__DATASET SECTION__.
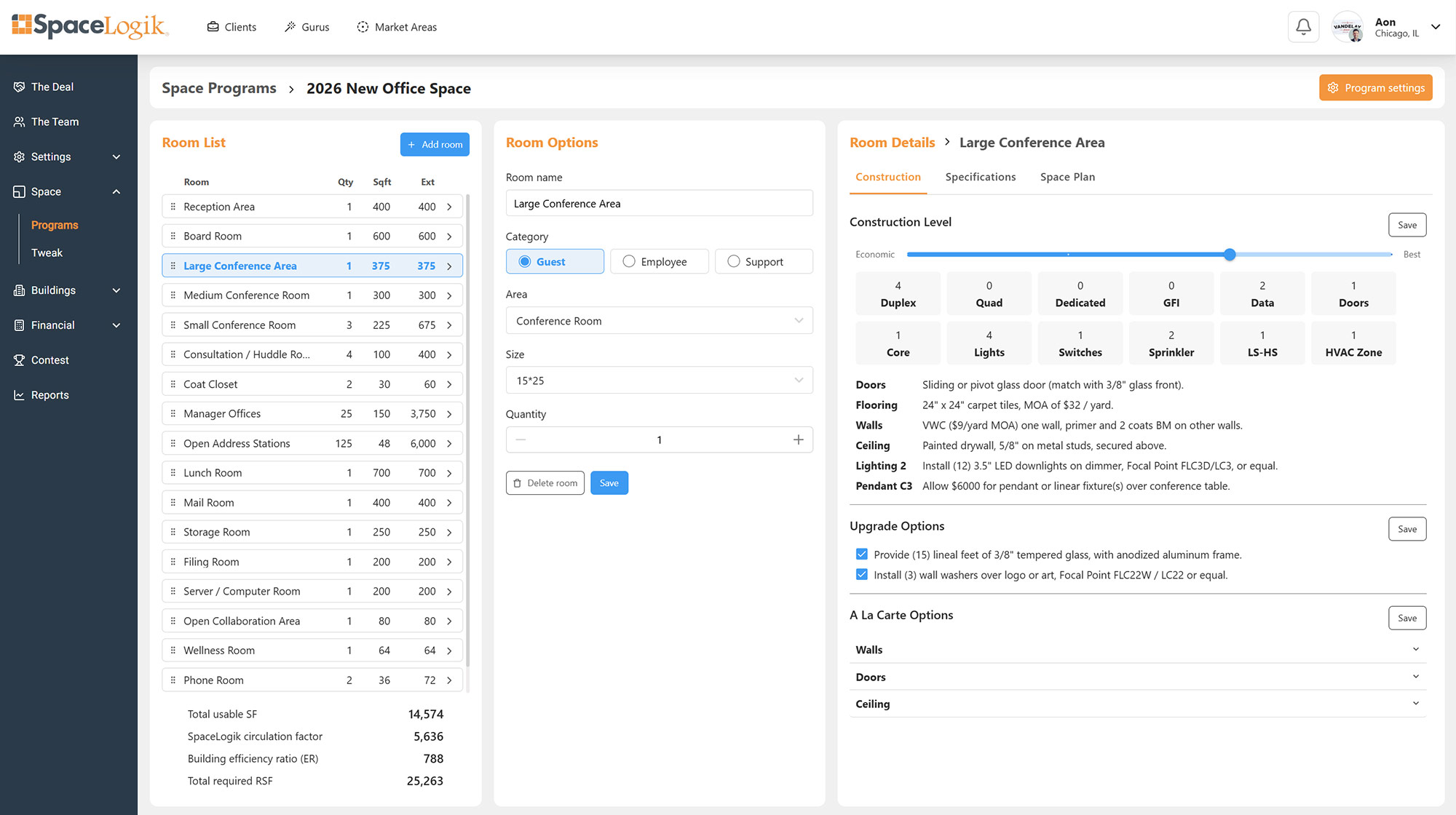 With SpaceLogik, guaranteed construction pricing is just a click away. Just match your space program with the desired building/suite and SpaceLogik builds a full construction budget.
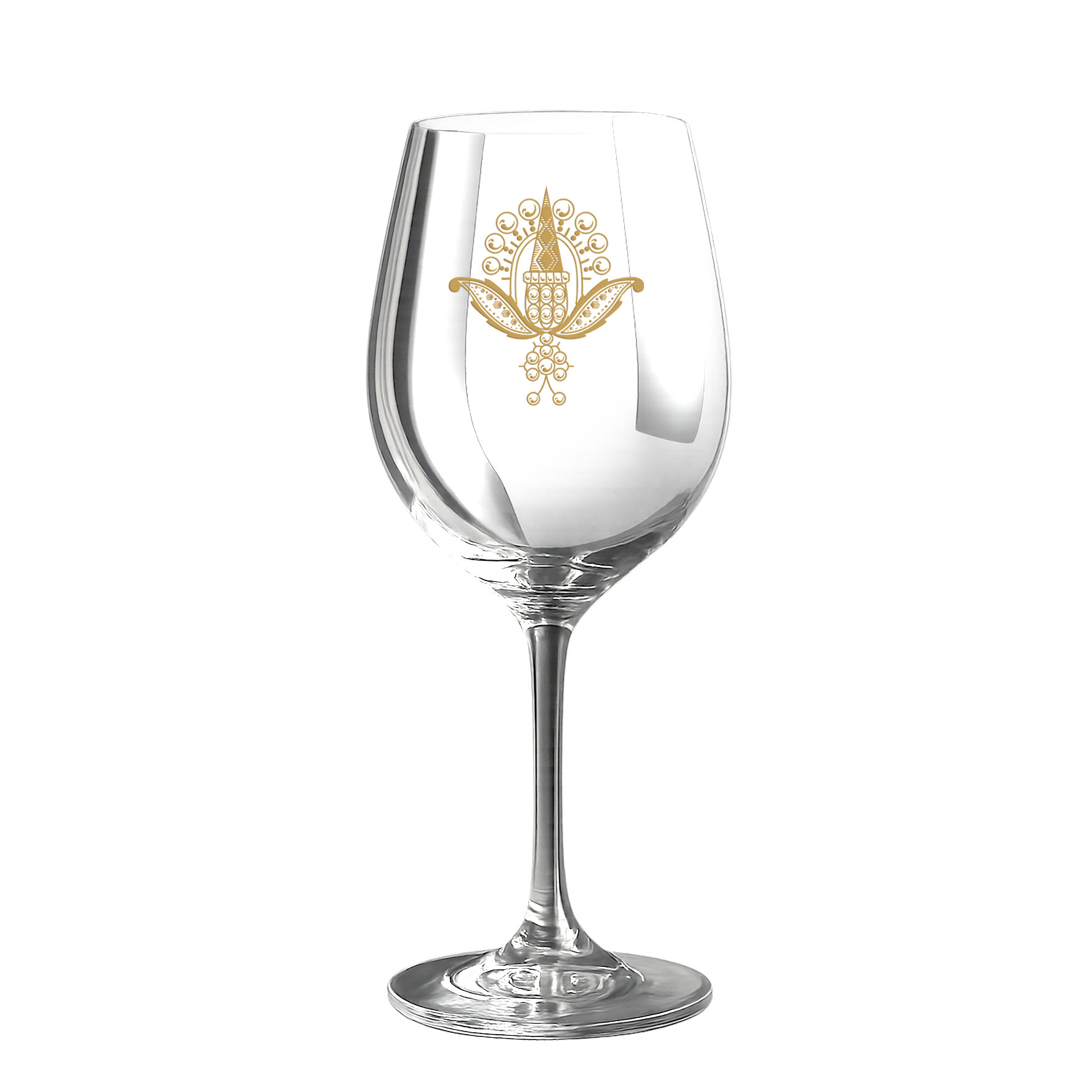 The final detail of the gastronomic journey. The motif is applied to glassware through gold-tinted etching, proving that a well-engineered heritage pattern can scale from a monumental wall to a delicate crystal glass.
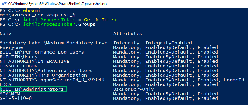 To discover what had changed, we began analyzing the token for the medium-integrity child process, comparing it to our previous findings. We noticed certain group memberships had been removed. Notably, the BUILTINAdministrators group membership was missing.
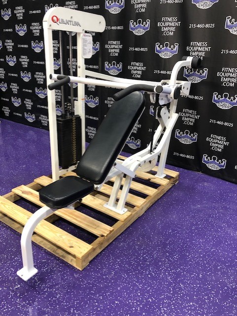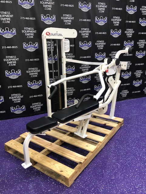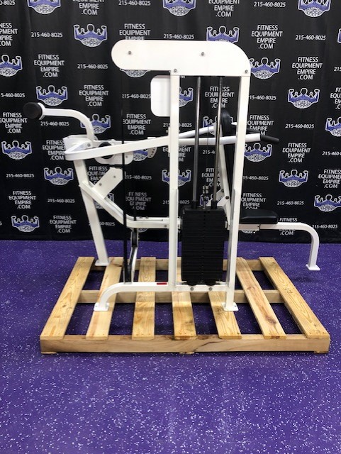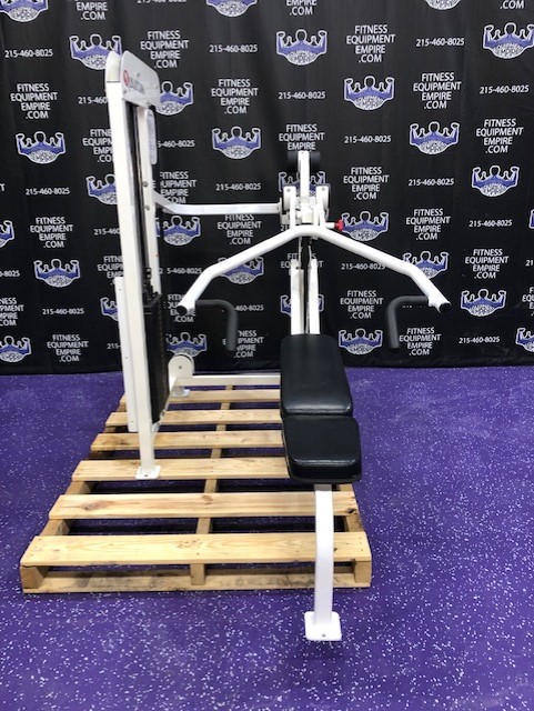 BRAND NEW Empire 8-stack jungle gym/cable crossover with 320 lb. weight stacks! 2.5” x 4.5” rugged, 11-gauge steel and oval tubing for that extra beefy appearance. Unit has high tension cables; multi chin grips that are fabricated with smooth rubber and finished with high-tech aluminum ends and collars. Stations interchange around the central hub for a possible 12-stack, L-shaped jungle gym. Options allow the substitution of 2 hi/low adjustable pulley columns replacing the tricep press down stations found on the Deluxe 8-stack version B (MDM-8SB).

__INSTRUCTIONS FOR THE TASK__. Pictures stay out. Return exactly the lines from the one with "To discover what" through the last line of the data.

__OUTPUT OF THE TASK__.
 To discover what had changed, we began analyzing the token for the medium-integrity child process, comparing it to our previous findings. We noticed certain group memberships had been removed. Notably, the BUILTINAdministrators group membership was missing.
 BRAND NEW Empire 8-stack jungle gym/cable crossover with 320 lb. weight stacks! 2.5” x 4.5” rugged, 11-gauge steel and oval tubing for that extra beefy appearance. Unit has high tension cables; multi chin grips that are fabricated with smooth rubber and finished with high-tech aluminum ends and collars. Stations interchange around the central hub for a possible 12-stack, L-shaped jungle gym. Options allow the substitution of 2 hi/low adjustable pulley columns replacing the tricep press down stations found on the Deluxe 8-stack version B (MDM-8SB).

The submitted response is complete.